WIDELY described as ‘punk’s poet laureate’, Ian Dury is a cultural icon. With his band The Blockheads, he exploded onto the television screen in 1978, appearing on Top of the Pops with his hit single ‘What a Waste’, followed later that year by ‘Hit Me With Your Rhythm Stick’. By now Ian was thirty-six and had worked hard for many years to reach this moment, struggling all the while to find acceptance inspite of the disability he suffered as a result of childhood polio. And yet fame, when it came, almost destroyed him.

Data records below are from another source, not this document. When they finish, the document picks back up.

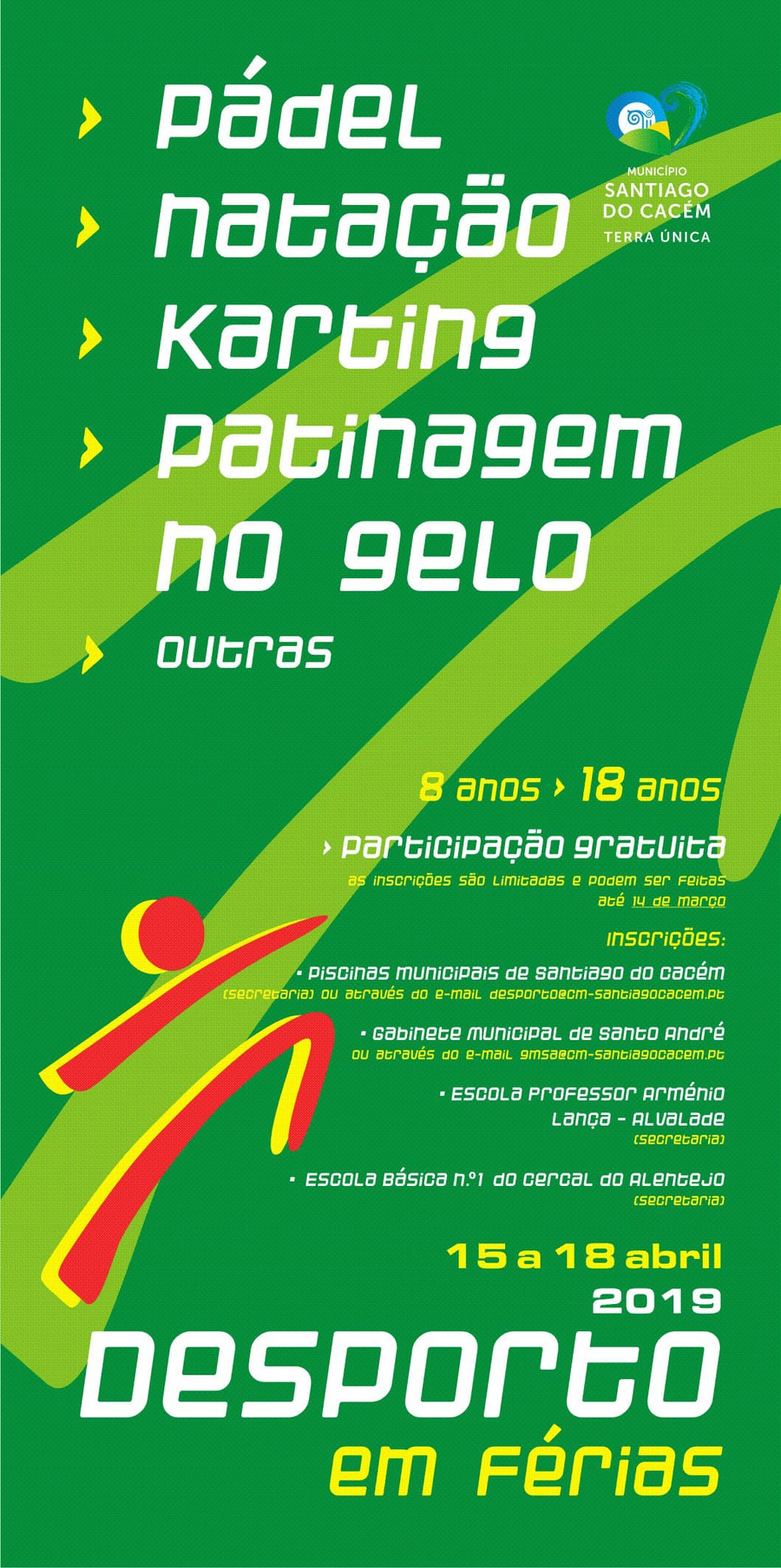 O Desporto em Férias decorre entre 15 e 18 de abril e destina-se a crianças e jovens entre os 8 e os 18 anos. Um projeto da Câmara Municipal de Santiago do Cacém que visa a ocupação dos tempos livres dos jovens do Município durante as férias, através de atividades desportivas e de exploração da natureza: pádel, natação, karting, patinagem no gelo, entre outras…! Inscrições abertas até 14 de março!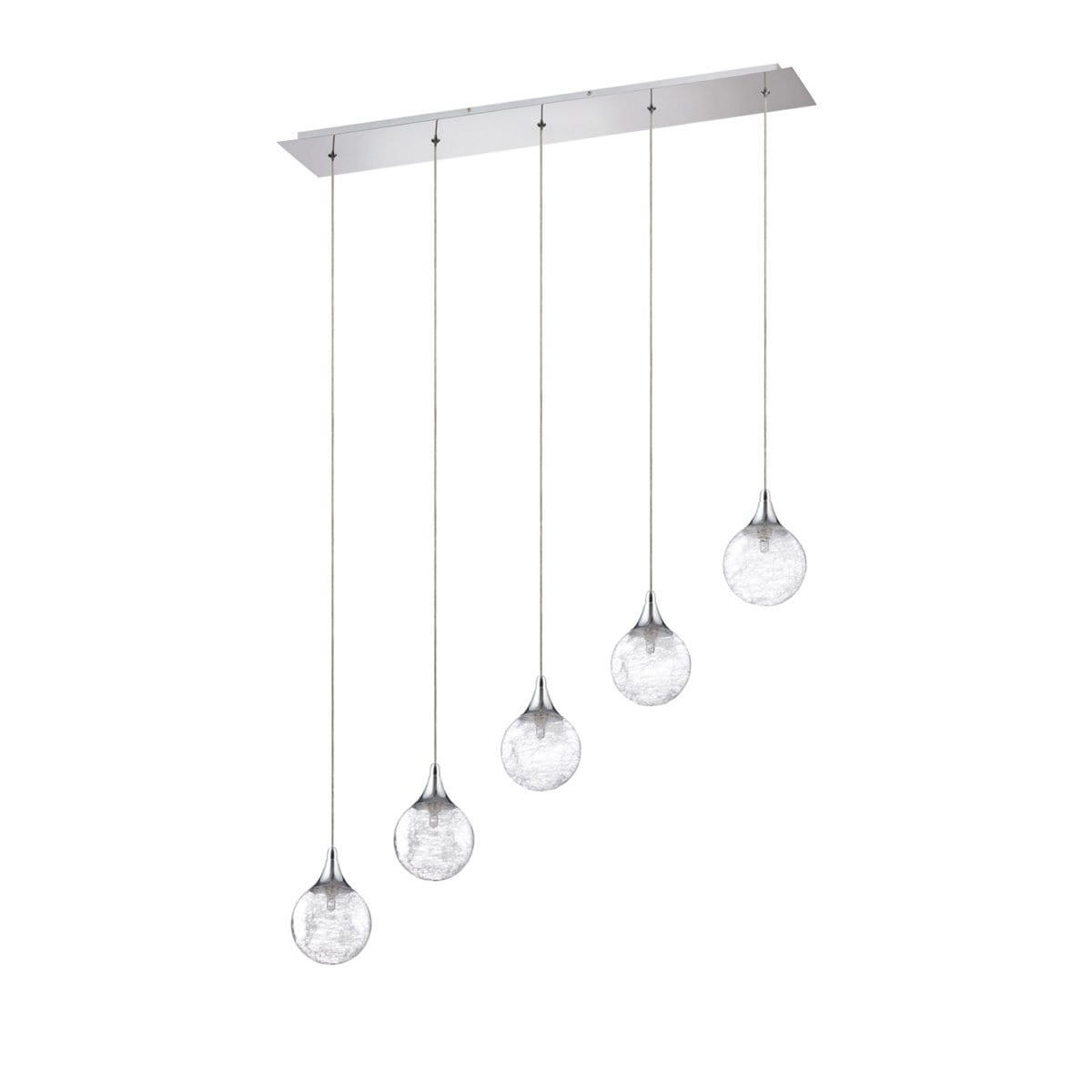 Introducing the FYBRA Series 5-Light Chrome Pendant Bar from Kendall Lighting, a stunning addition that seamlessly blends modern elegance with functional design. This pendant features a sleek chrome finish and showcases mesmerizing stretched glass fibers encased within clear glass globes, creating a captivating visual effect that enhances any interior decor. With an overall width of 34 inches and a maximum overall height of 84 inches, this fixture is ideal for over dining tables, kitchen islands, or entryways, providing ample illumination while serving as a striking focal point in your space.
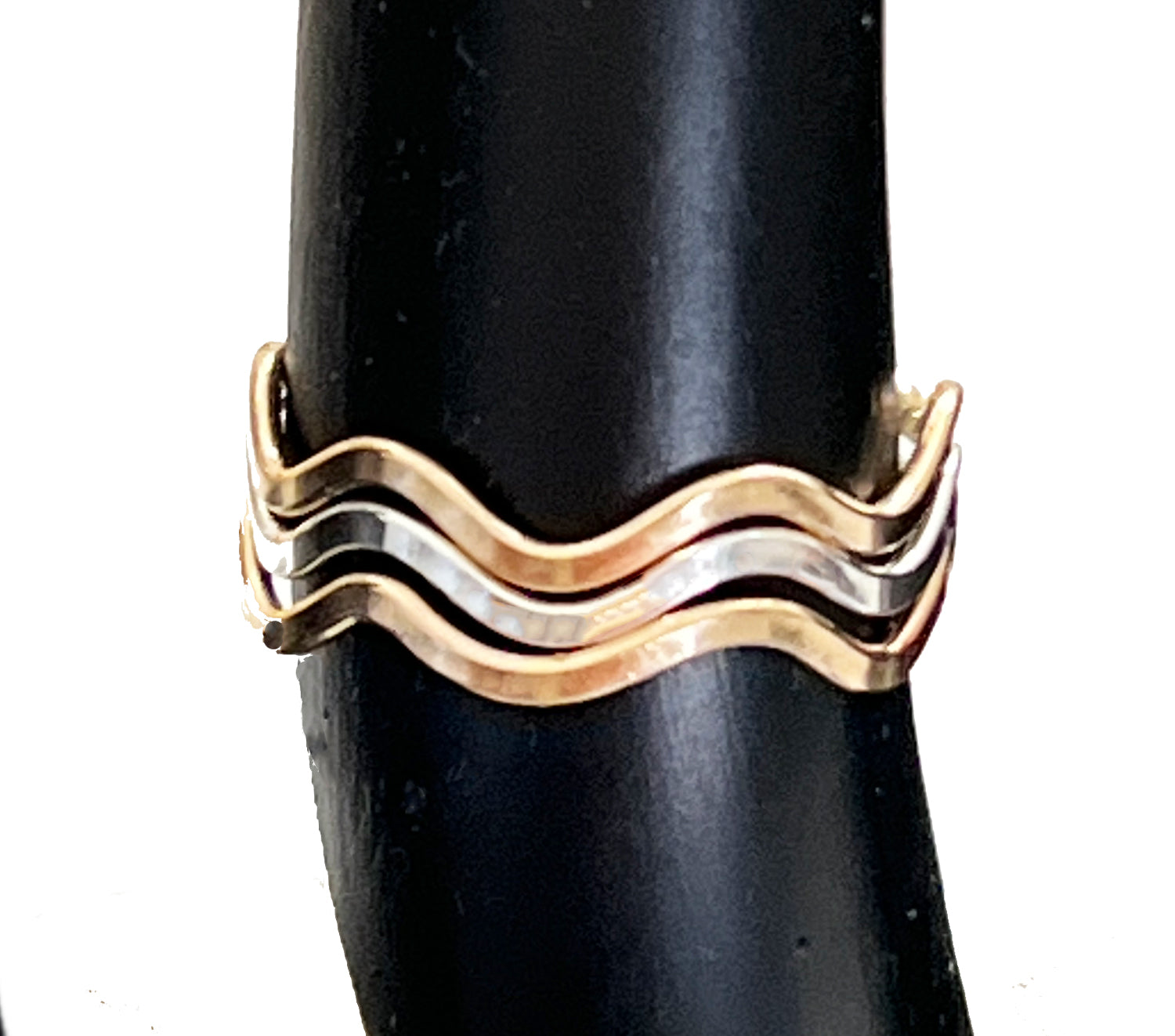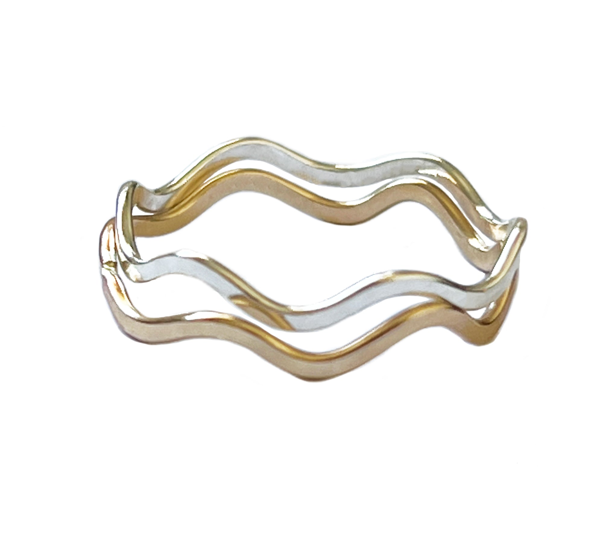 This thin but durable band has small ripples, perfect for stacking. Super durable and affordable 14k gold fill! 1mm wide with a smooth inside perfect for stacking or wear as a knuckle ring. Also available as a stack and in sterling silver.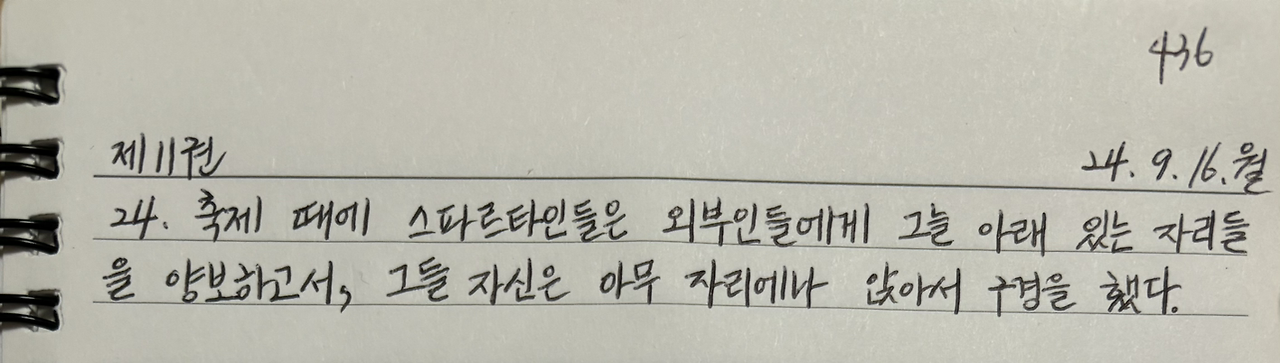 '축제 때에 스파르타인들은 외부인들에게 그늘 아래 있는 자리들을 양보하고서, 그들 자신은 아무 자리에나 앉아서 구경을 했다.'라는 문장에서 내 모습을 떠올렸다.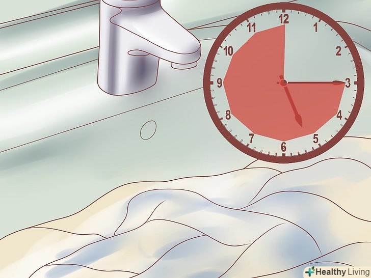 Замочіть руно протягом 45 хвилин. Шерсть повинна увібрати воду, щоб позбутися від бруду, масла та інших нечистот. Залишити шерсть вбиратися, це не означає Перетворити її в повсть. [7]- Не допускайте течії проточної води безпосередньо на шерсть.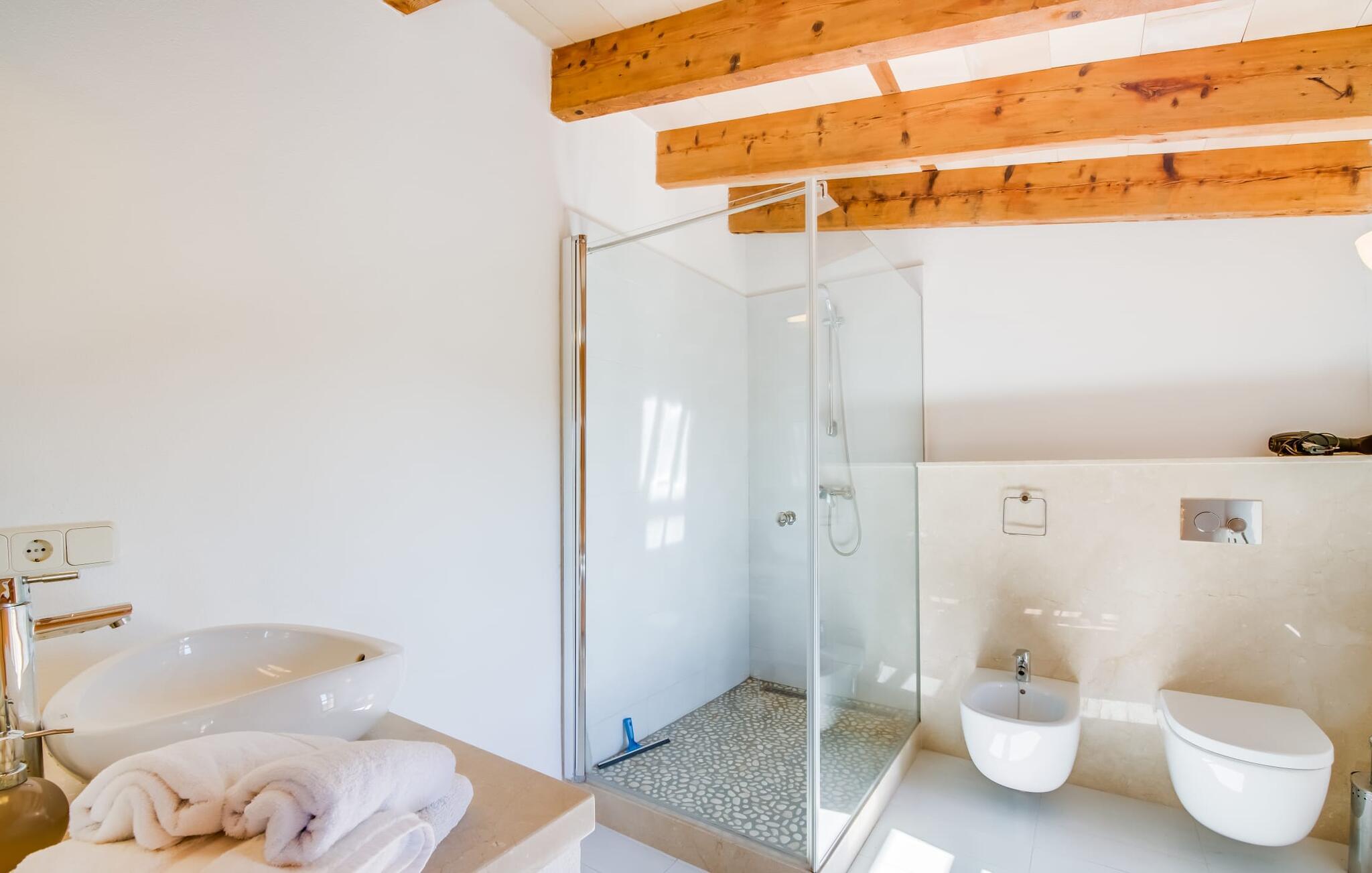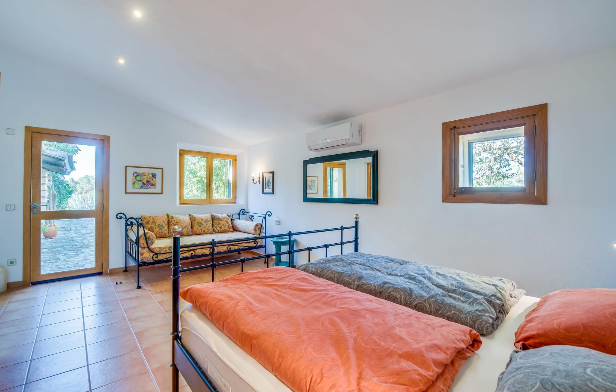 Citrontræer, palmer, kaktusser - "Son Pi" er omgivet af en vidunderligt fortryllende have, der næsten ikke kunne være mere naturlig og rustik. Ejendommen har ikke kun smukke planter, det omkringliggende område er også præget af frodig vegetation. Dette rundes af af det ru stengulv, som passer så vidunderligt ind i billedet, og selvfølgelig af selve villaen, der emmer af ren ro med sine grønne skodder. I kan finde siddepladser i delvis skygge af den tilgroede pergola, på komfortable rattanmøbler eller på den overdækkede terrasse foran huset. Hvis I ønsker det, kan I varme murstensgrillen op eller forkæle jer selv med en forfriskende svømmetur i den højkvalitets flisebelagte, velholdte pool - I kommer nemt ind via få trin. Der er også en udendørs bruser lige ved siden af poolen. Liggestole, mobile parasoller, masser af privatliv - I har alt hvad I behøver til en afslappende dag under den behagelige ø-sol. Praktisk for jeres ankomst: En asfalteret vej fører direkte til villaen og tilbyder plads til parkering. Interiøret er ikke mindre charmerende. Fuldstændig nyrenoveret, oprindeligt indrettet med stor sans for detaljer. Alt I skal gøre er at pakke jeres kufferter ud, og I vil føle jer afslappet. Masser af naturlige elementer, masser af træbjælker og stenvægge, plus varme farver og masser af naturligt lys. Den hyggelige stue/spisestue imponerer med sin smukke siddegruppe og store bord, men har også en pejs, der varmer jeres fødder på køligere aftener. Fra den anden ende af rummet kommer I ind i køkkenet, som er udstyret med mange praktiske faciliteter. Så smukt: den separate spisestue med en stor glasvæg og udsigt til haven. Et godt sted at afslutte dagen om aftenen med et knitrende bål. "Son Pi" har i alt tre dobbeltværelser, hvoraf to er ovenpå og har eget badeværelse og udsigt til havet i det fjerne. Alle værelser er venlige og komfortabelt indrettede, så intet står i vejen for en god nats søvn. Den østlige del af øen er præget af bølgende bakker, grøn vegetation og landlige vidder. Udover skøn fred og smukke gåture kan I også nyde nærheden til mange interessante byer og drømmestrande. Porto Cristo, den lille havn og fiskerlandsby med sit hvide sand og smukke strandpromenade, ligger 20 minutter væk i bil. "Son Pi" ligger på en lille gade, hvilket betyder, at der kan høres en del trafikstøj afhængig af vindretningen. Det positive er dog den næsten perfekte forbindelse til motorvej MA-15 og alle retninger på øen. Aktive rejsende vil måske tage til Pula Golfbane eller besøge en af de mange grotter i denne region, som bestemt er et besøg værd. Den charmerende villa "Son Pi" ligger i den smukke østlige del af øen, lige uden for Sant Llorenç des Cardassar. Udover gode restauranter og små butikker, finder I også nogle supermarkeder i byen til jeres ugentlige indkøb. Frisk frugt og grønt kan købes på det ugentlige marked i Son Servera, som kun ligger et kvarter væk i bil. Fantastisk: de smukke strande i Porto Cristo og Sa Coma er også kun 13 km væk.

This groundbreaking and authoritative book gives the first in-depth and compelling account of the life of this charismatic yet complex artist. Author Will Birch interviewed Dury several times during his lifetime, and has also spoken to more than sixty people who were extremely close to Ian, including family members, fellow musicians, friends, lovers and business associates.

(TEXT COURTESY: Pan Publishing)

‘AS a chronicler of Seventies England, Dury was the bovver boy to Ray Davies’ Wildean fop and Will Birch is adept at tracing both the sources of Dury’s lyrical gifts and the details that made up his evolving Mockney Geezer persona. He emerges as a complex, unlikable man, a portrait endorsed by the new film biopic, ‘Sex & Drugs & Rock & Roll.’

It is to Birch’s credit that he creates a relatively sympathetic portrait of a man whose psychology was informed by his unconventional upbringing and twisted by his disability. Hampered by a withered arm and calliper-strapped leg due to contracting polio as a child, Dury used language as his weapon of choice, though he was not averse to a physical dust-up on occasion.

It is an ugly, compelling story with last-minute redemption that sees Dury in his final years working as an actor and lyricist at the Royal Court and as an ambassador for Unicef.’